Waddle Dee sighed and covered his face. "Don't worry, Kirby and I will put a stop to this," he promised the big Kany. "We'll tell everybody what Mr. Gallant has been up to, and then he'll have to shut down the race. Then you guys will get your home back."

"We would appreciate that very much," the big Kany said gratefully. "If you vouch for us, people will be more likely to believe we are telling the truth."

"But there's one thing I still don't get," said Kirby. "Why haven't you guys just fought Mr. Gallant to get your own river back? I mean, you're… really big."

"It's glandular," the giant Kany pouted. "Anyway, we prefer to resolve our disputes peacefully if we can. I did once break down the wall of his office to have a talk with him, but everyone in there just started pointing and screaming some nonsense about attacking my weak point for massive damage."

"Well, that explains it," Kirby decided. "All right, we'll be sure to expose that dino-brain and save your guys' home. But in the meantime – " He whipped out their boat from literally out of nowhere and held it over his head. "We've got a race to finish! Let's go, Waddle Dee!"

Waddle Dee stared at him. "…Where were you keeping that thing?"

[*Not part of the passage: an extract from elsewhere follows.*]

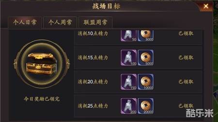 攻城略地:每天都要打,每天精力可以拉满花费300元宝,联盟币的重要来源也是在攻城略地中获取至于联盟币的重要性后面会讲到的,根据战场目标把秘宝全部完成一个好的联盟可以一个星期攻城略地可以搞到3000+的元宝。
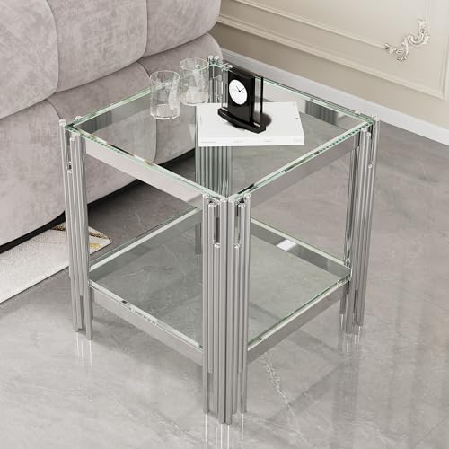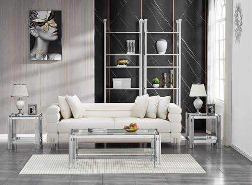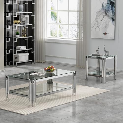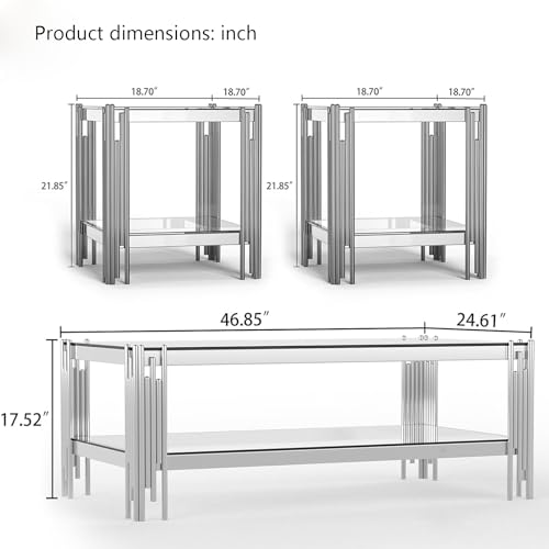 3 Pieces Glass Living Room Table Set, Glass Coffee Table with 2 End Side Table, Modern Glass Coffee Table Set with Silver Stainless Steel Frame for Apartment Living Room Home Office

"Were you not even listening to me?" the big Kany snapped. "If you finish the race the way you've been going, you're just going to damage our home even more!"

"Yeah, but how else are we going to get everyone's attention so we can tell them about Mr. Gallant?" Kirby reasoned. "Besides, we have to win the race so we can get the Crystal Shard! We need it to save the universe!"

Waddle Dee glared at him. "You don't actually care about those things and you just want to blow up Boomer, right?"

"Absolutely. Now come on, chop-chop!" said Kirby as he raced over to the exit of the cave, holding the crate high above his head.

"Kirby, I'm serious!" Waddle Dee snapped as he stepped in front of Kirby. "We're not gonna help the Kanys this way! We should stay in here and plan out what we're going to do."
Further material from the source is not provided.